For this exercise, reproduce only the lines from the one holding "Programme de la formation Microsoft Excel" through the final line of the data below, exactly, and omit pictures.

----- INFORMATION PROVIDED -----

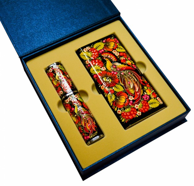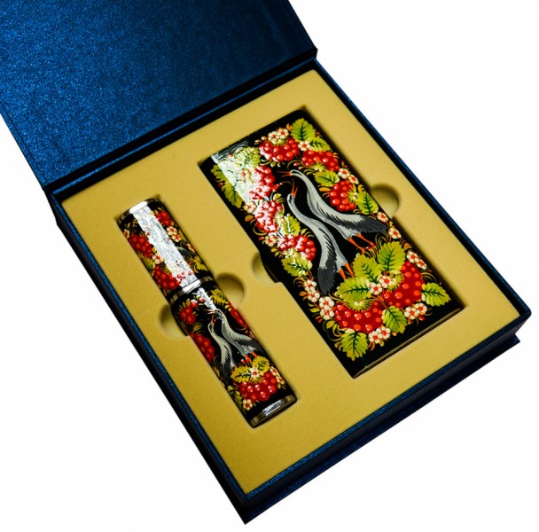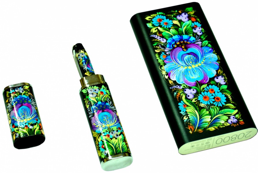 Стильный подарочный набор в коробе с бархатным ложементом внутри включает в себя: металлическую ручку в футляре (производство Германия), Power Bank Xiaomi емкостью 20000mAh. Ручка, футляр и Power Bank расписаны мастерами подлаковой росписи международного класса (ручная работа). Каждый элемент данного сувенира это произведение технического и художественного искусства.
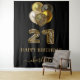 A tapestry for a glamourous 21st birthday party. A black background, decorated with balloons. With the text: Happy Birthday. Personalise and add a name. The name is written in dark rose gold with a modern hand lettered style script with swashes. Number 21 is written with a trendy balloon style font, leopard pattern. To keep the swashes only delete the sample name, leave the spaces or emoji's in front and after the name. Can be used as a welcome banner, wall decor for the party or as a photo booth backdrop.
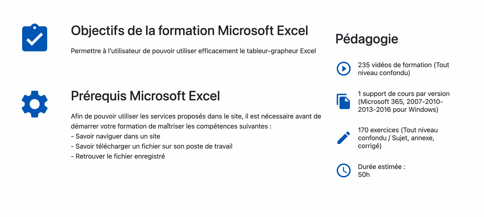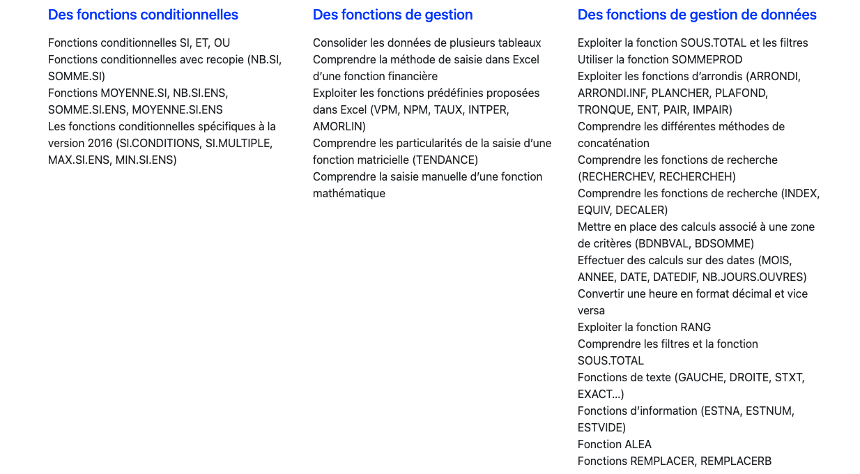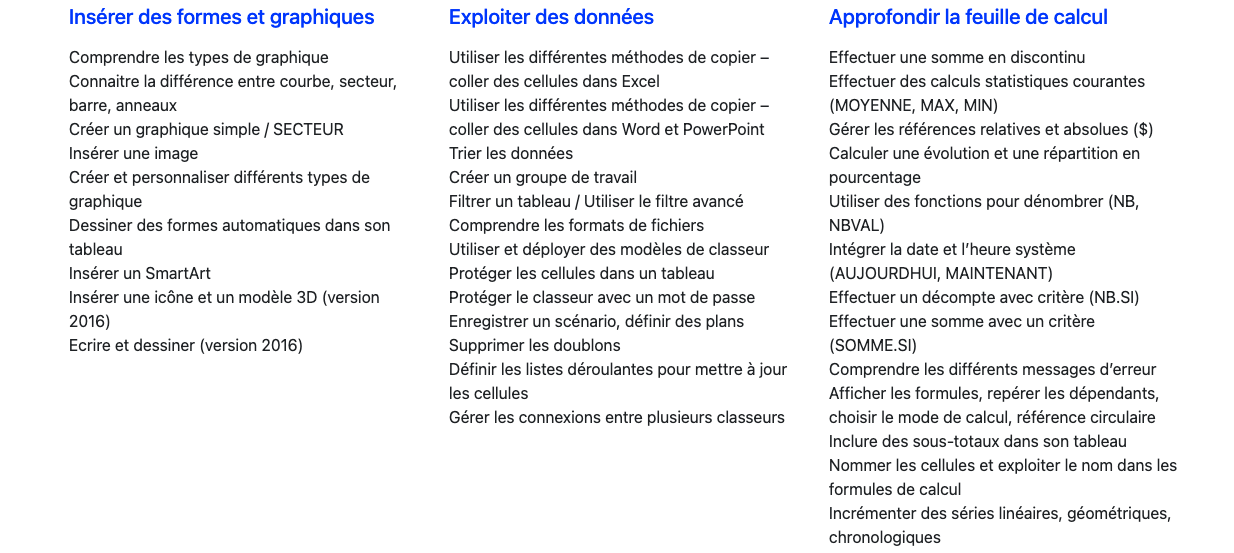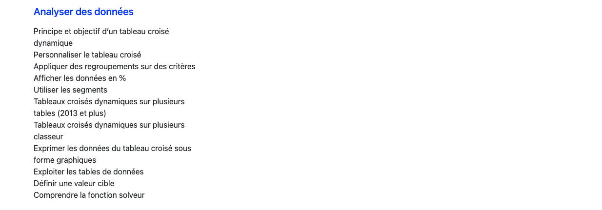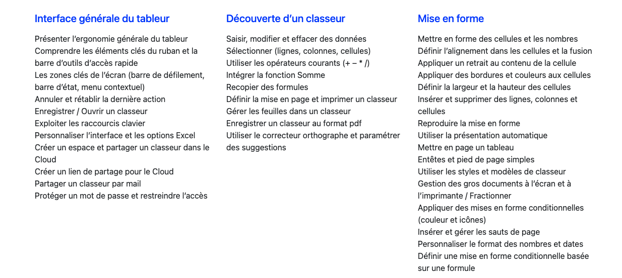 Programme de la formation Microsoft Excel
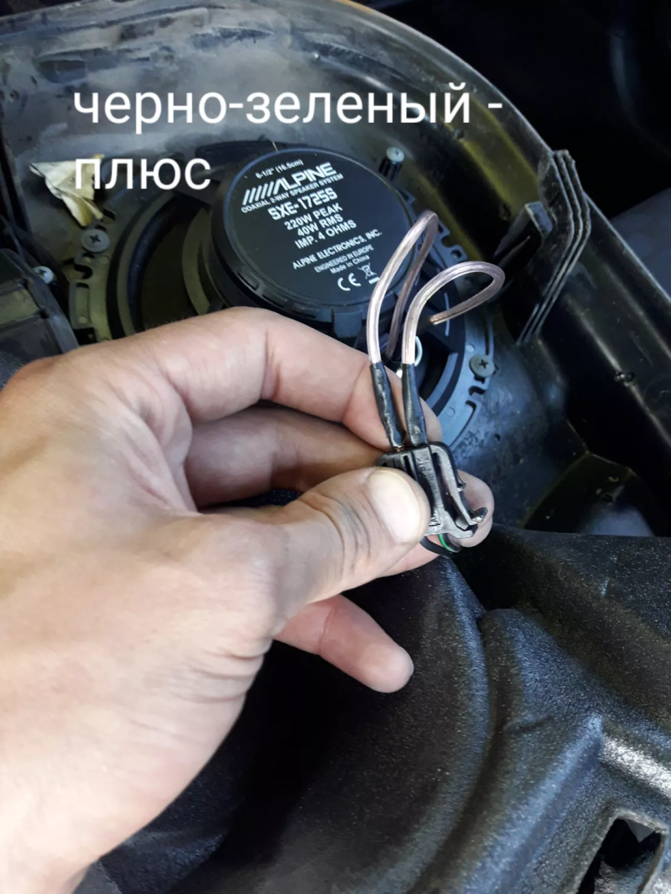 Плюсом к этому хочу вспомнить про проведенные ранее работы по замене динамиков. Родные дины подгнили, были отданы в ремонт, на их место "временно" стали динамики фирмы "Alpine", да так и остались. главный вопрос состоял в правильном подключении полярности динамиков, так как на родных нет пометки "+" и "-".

-----

§ **SOLUTION BELOW**
 Programme de la formation Microsoft Excel
 Плюсом к этому хочу вспомнить про проведенные ранее работы по замене динамиков. Родные дины подгнили, были отданы в ремонт, на их место "временно" стали динамики фирмы "Alpine", да так и остались. главный вопрос состоял в правильном подключении полярности динамиков, так как на родных нет пометки "+" и "-".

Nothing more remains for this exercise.